Testing LLM Services in CI: Mocks and Fixtures

The Core Problem

Testing LLM services in CI is fundamentally different from testing a regular REST API. You face three problems that do not exist elsewhere:

Problem 1: Cost. Every real call to Azure OpenAI costs money. At scale — 50 developers, 10 PRs per day, 20 tests per PR — you are burning through significant budget just running CI.

Problem 2: Non-determinism. GPT-4o does not return the same response twice. A test that asserts the reply equals an exact string will fail most of the time. LLM responses are probabilistic; your tests cannot be.

Problem 3: Latency. A real Azure OpenAI call takes 2-10 seconds. A test suite with 30 LLM calls takes 60-300 seconds minimum. This kills the fast feedback loop that makes CI valuable.

The solution is a layered testing strategy: mocks for unit tests, fixture replay for integration tests, and contract tests for prompt validation.
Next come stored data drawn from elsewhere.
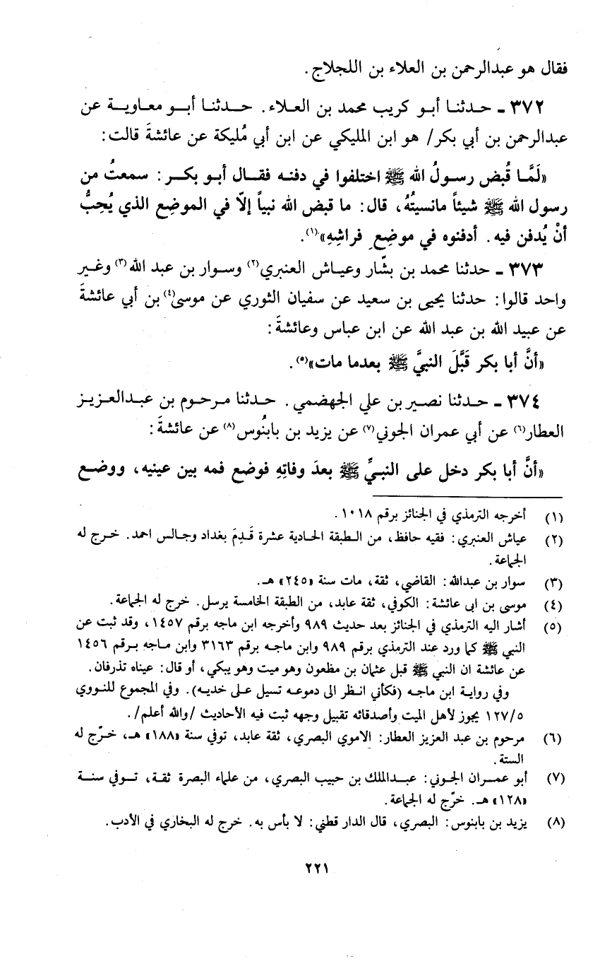 374- حدثنا نصير بن علي الجهضمي. حدثنا مرحوم بن عبد العزيز العطار «6» عن أبي عمران الجوني «7» عن يزيد بن بابنوس «8» عن عائشة:
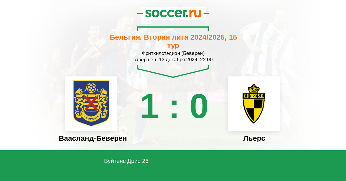 Ваасланд-Беверен - Льерс: обзор матча 13 декабря 2024
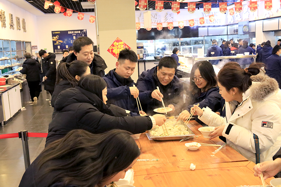 頒獎儀式結束后,一場別開生面的包餃子活動開始了。大家紛紛拿出自己的看家本領,有的搟皮、有的調餡、有的包餃子,大家邊包邊聊,歡聲笑語不斷。現場氣氛熱烈而溫馨,隨著餃子的陸續出鍋,香氣四溢,令人垂涎欲滴。大家圍坐在一起,品嘗著自己的勞動成果,感受著濃濃的年味和彼此之間的深情厚誼。
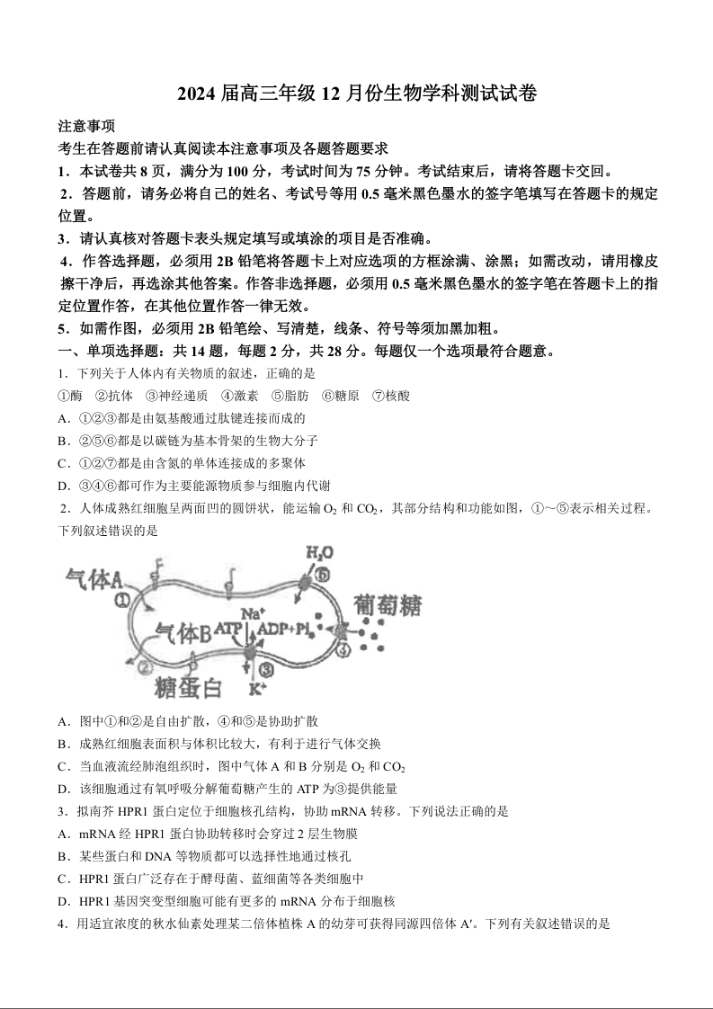 江苏省海安高级中学2023-2024学年高三上学期12月月考试题 生物
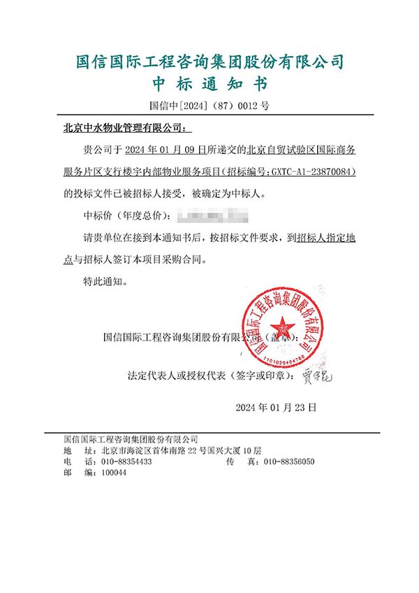 中水物业成功中标北京自贸试验区国际商务服务片区支行楼宇内部物业服务项目

Strategy 1: Mock the Azure OpenAI Client

Create a MockAzureOpenAI class that mirrors the real API surface but returns deterministic responses:

Python

# pharmabot/testing/mock_openai.py
from dataclasses import dataclass
from typing import AsyncIterator

@dataclass
class MockChoice:
    message: "MockMessage"
    finish_reason: str = "stop"

@dataclass
class MockMessage:
    content: str
    role: str = "assistant"

@dataclass
class MockUsage:
    prompt_tokens: int = 100
    completion_tokens: int = 50
    total_tokens: int = 150

@dataclass
class MockCompletion:
    choices: list
    usage: MockUsage
    model: str = "gpt-4o"

class MockChatCompletions:
    def __init__(self, responses: dict[str, str] = None):
        self._responses = responses or {}
        self._default = "This is a mock response for testing."
    
    async def create(self, messages: list, model: str = "gpt-4o", **kwargs):
        # Find the user message to match against stored responses
        user_msg = next(
            (m["content"] for m in messages if m["role"] == "user"),
            ""
        )
        
        # Look for a matching response, fall back to default
        response_text = self._default
        for key, value in self._responses.items():
            if key.lower() in user_msg.lower():
                response_text = value
                break
        
        return MockCompletion(
            choices=[MockChoice(message=MockMessage(content=response_text))],
            usage=MockUsage(),
        )

class MockAzureOpenAI:
    def __init__(self, responses: dict[str, str] = None):
        self.chat = type("Chat", (), {
            "completions": MockChatCompletions(responses)
        })()

Strategy 2: Environment Flag Swap

Swap the real client for the mock based on an environment variable:

Python

# pharmabot/dependencies.py
import os
from openai import AsyncAzureOpenAI
from pharmabot.testing.mock_openai import MockAzureOpenAI

def get_openai_client():
    if os.getenv("MOCK_AZURE") == "true":
        return MockAzureOpenAI(responses={
            "ibuprofen": "Ibuprofen is an NSAID used for pain and inflammation. Common side effects include stomach upset and headache.",
            "warfarin": "Warfarin is an anticoagulant. It should not be combined with ibuprofen due to increased bleeding risk.",
            "metformin": "Metformin is a biguanide used for type 2 diabetes. It works by reducing hepatic glucose production.",
        })
    
    return AsyncAzureOpenAI(
        api_key=os.environ["AZURE_OPENAI_KEY"],
        api_version="2024-10-21",
        azure_endpoint=os.environ["AZURE_OPENAI_ENDPOINT"],
    )

In FastAPI, use dependency injection:

Python

from fastapi import Depends

async def get_client():
    return get_openai_client()

@app.post("/api/chat")
async def chat(request: ChatRequest, client = Depends(get_client)):
    ...

In tests, override the dependency:

Python

# tests/conftest.py
import pytest
from fastapi.testclient import TestClient
from pharmabot.main import app
from pharmabot.testing.mock_openai import MockAzureOpenAI
from pharmabot.dependencies import get_client

@pytest.fixture
def mock_client():
    return MockAzureOpenAI(responses={
        "ibuprofen": "Ibuprofen is a pain reliever and fever reducer.",
    })

@pytest.fixture
def test_client(mock_client):
    app.dependency_overrides[get_client] = lambda: mock_client
    yield TestClient(app)
    app.dependency_overrides.clear()

Strategy 3: Fixture-Based Testing (Record & Replay)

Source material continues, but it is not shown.